- TO DO: Reproduce the listing that follows word for word, without its pictures.

- RECORDED INFORMATION:
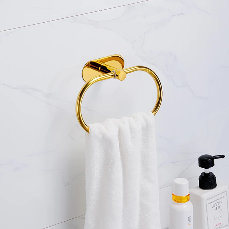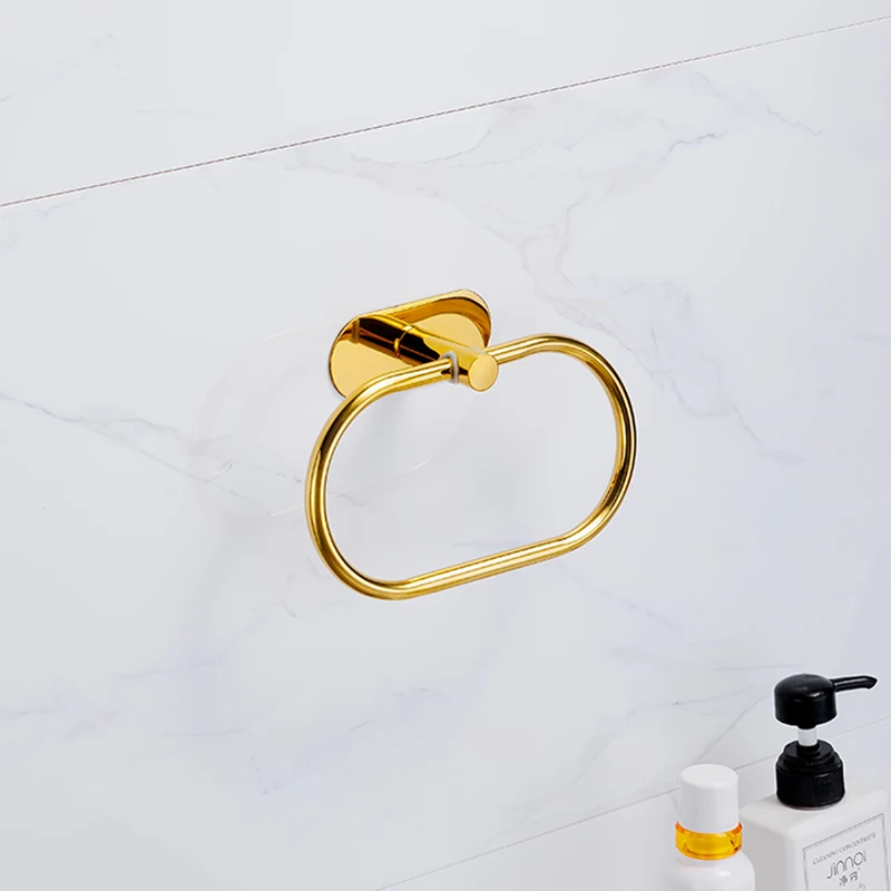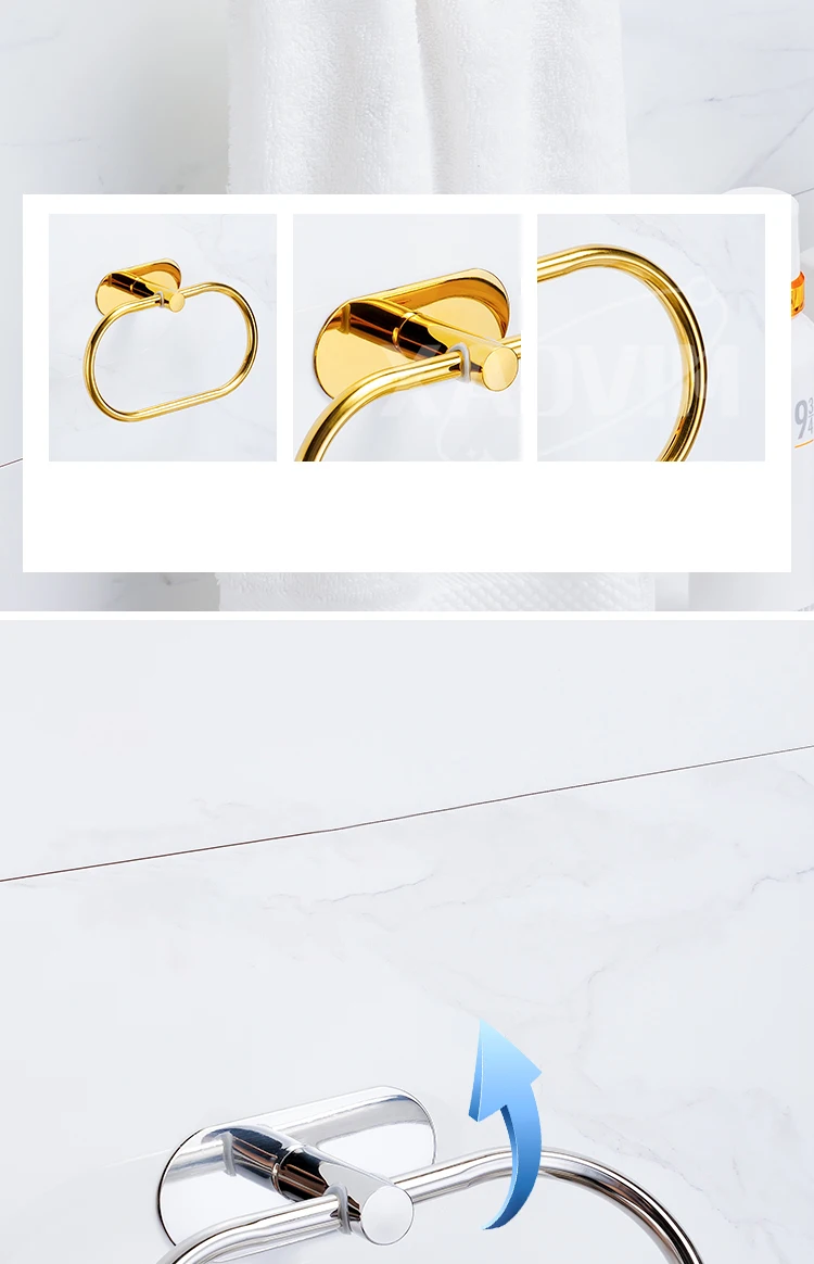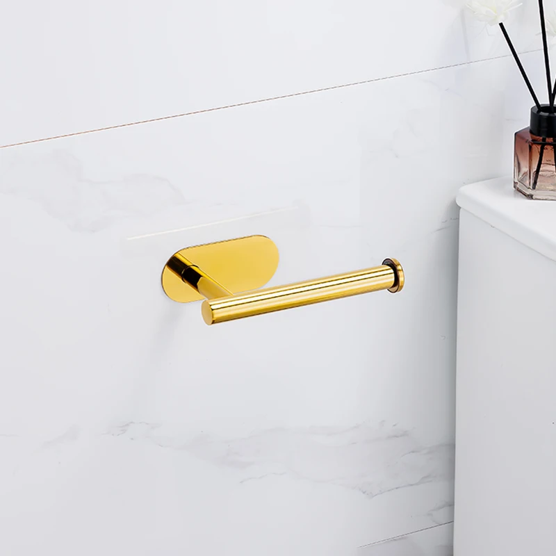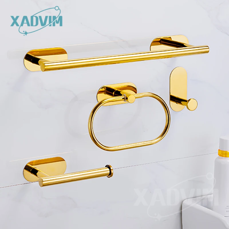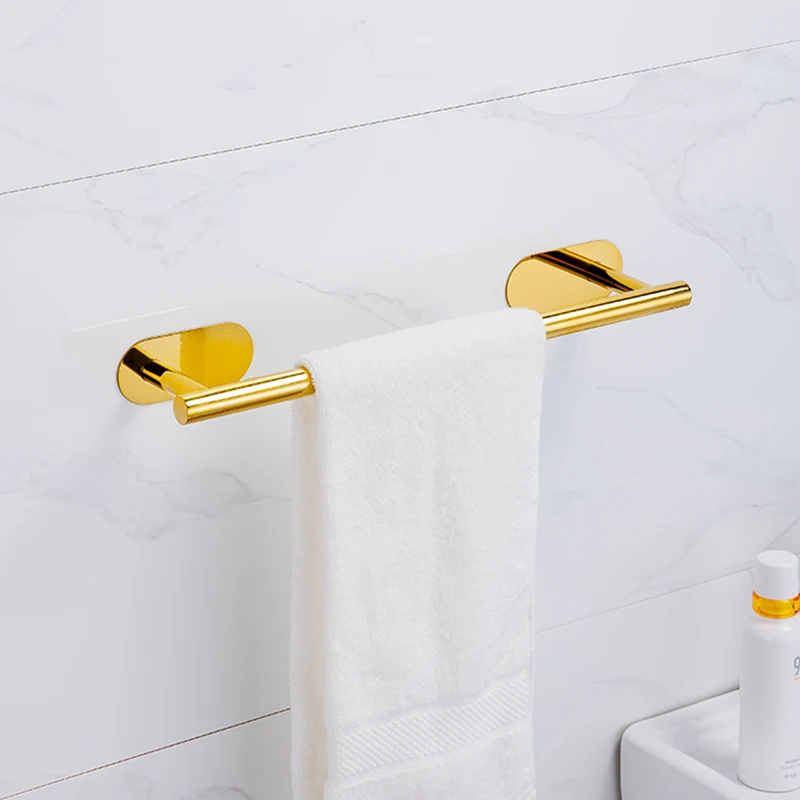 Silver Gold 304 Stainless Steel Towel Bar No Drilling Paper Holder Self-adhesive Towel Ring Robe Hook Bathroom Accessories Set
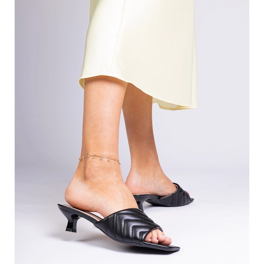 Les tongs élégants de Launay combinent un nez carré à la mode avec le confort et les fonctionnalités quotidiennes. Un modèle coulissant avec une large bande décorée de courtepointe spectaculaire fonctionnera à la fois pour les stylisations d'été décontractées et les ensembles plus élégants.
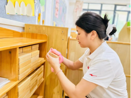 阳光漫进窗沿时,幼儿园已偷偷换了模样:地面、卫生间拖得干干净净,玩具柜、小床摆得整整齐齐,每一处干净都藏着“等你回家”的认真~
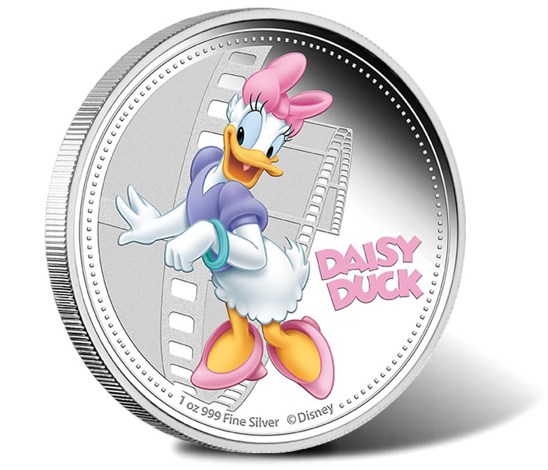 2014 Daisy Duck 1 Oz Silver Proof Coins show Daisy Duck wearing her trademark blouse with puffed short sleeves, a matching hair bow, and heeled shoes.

- EXPECTED ANSWER:
 Silver Gold 304 Stainless Steel Towel Bar No Drilling Paper Holder Self-adhesive Towel Ring Robe Hook Bathroom Accessories Set
 Les tongs élégants de Launay combinent un nez carré à la mode avec le confort et les fonctionnalités quotidiennes. Un modèle coulissant avec une large bande décorée de courtepointe spectaculaire fonctionnera à la fois pour les stylisations d'été décontractées et les ensembles plus élégants.
 阳光漫进窗沿时,幼儿园已偷偷换了模样:地面、卫生间拖得干干净净,玩具柜、小床摆得整整齐齐,每一处干净都藏着“等你回家”的认真~
 2014 Daisy Duck 1 Oz Silver Proof Coins show Daisy Duck wearing her trademark blouse with puffed short sleeves, a matching hair bow, and heeled shoes.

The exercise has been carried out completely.